TASK DIRECTIONS → Your answer should consist only of the lines below from the one with "Water, Barley Malt, Wheat, Corn" through the one with "499 - أخبرنا", copied exactly.

DATASET EXCERPTS →
━━━━━━━━━━━━━━━━━━━━
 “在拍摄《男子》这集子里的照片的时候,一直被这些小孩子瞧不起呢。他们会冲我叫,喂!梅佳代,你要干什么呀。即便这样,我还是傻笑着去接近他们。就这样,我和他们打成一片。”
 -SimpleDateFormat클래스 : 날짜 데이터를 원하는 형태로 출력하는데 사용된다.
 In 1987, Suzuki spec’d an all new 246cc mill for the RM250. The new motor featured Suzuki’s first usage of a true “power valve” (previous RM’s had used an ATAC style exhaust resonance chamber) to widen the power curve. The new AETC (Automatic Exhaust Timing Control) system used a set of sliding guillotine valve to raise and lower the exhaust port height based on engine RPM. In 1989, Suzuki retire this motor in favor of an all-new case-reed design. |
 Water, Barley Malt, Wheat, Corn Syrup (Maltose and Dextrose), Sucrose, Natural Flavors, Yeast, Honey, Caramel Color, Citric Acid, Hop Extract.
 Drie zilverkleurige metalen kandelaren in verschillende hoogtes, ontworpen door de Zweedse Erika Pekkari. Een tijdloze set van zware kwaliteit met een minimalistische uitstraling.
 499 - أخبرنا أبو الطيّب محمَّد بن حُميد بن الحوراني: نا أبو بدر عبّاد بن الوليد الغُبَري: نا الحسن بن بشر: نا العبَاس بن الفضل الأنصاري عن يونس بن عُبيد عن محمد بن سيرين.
━━━━━━━━━━━━━━━━━━━━
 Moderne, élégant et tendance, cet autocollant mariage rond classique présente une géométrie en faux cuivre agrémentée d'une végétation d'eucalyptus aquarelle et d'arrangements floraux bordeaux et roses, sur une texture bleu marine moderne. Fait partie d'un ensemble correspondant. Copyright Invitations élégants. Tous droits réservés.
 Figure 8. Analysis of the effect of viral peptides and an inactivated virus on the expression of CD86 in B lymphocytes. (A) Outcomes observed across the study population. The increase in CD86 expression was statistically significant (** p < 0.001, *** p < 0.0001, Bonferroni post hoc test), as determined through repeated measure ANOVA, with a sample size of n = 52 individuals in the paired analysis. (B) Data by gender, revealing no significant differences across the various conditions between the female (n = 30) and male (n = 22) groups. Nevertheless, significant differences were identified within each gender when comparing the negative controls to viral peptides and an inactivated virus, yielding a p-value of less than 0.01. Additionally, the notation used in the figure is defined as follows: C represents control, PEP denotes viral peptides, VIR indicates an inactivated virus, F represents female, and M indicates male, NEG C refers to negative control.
━━━━━━━━━━━━━━━━━━━━
RESPONSE AREA →
 Water, Barley Malt, Wheat, Corn Syrup (Maltose and Dextrose), Sucrose, Natural Flavors, Yeast, Honey, Caramel Color, Citric Acid, Hop Extract.
 Drie zilverkleurige metalen kandelaren in verschillende hoogtes, ontworpen door de Zweedse Erika Pekkari. Een tijdloze set van zware kwaliteit met een minimalistische uitstraling.
 499 - أخبرنا أبو الطيّب محمَّد بن حُميد بن الحوراني: نا أبو بدر عبّاد بن الوليد الغُبَري: نا الحسن بن بشر: نا العبَاس بن الفضل الأنصاري عن يونس بن عُبيد عن محمد بن سيرين.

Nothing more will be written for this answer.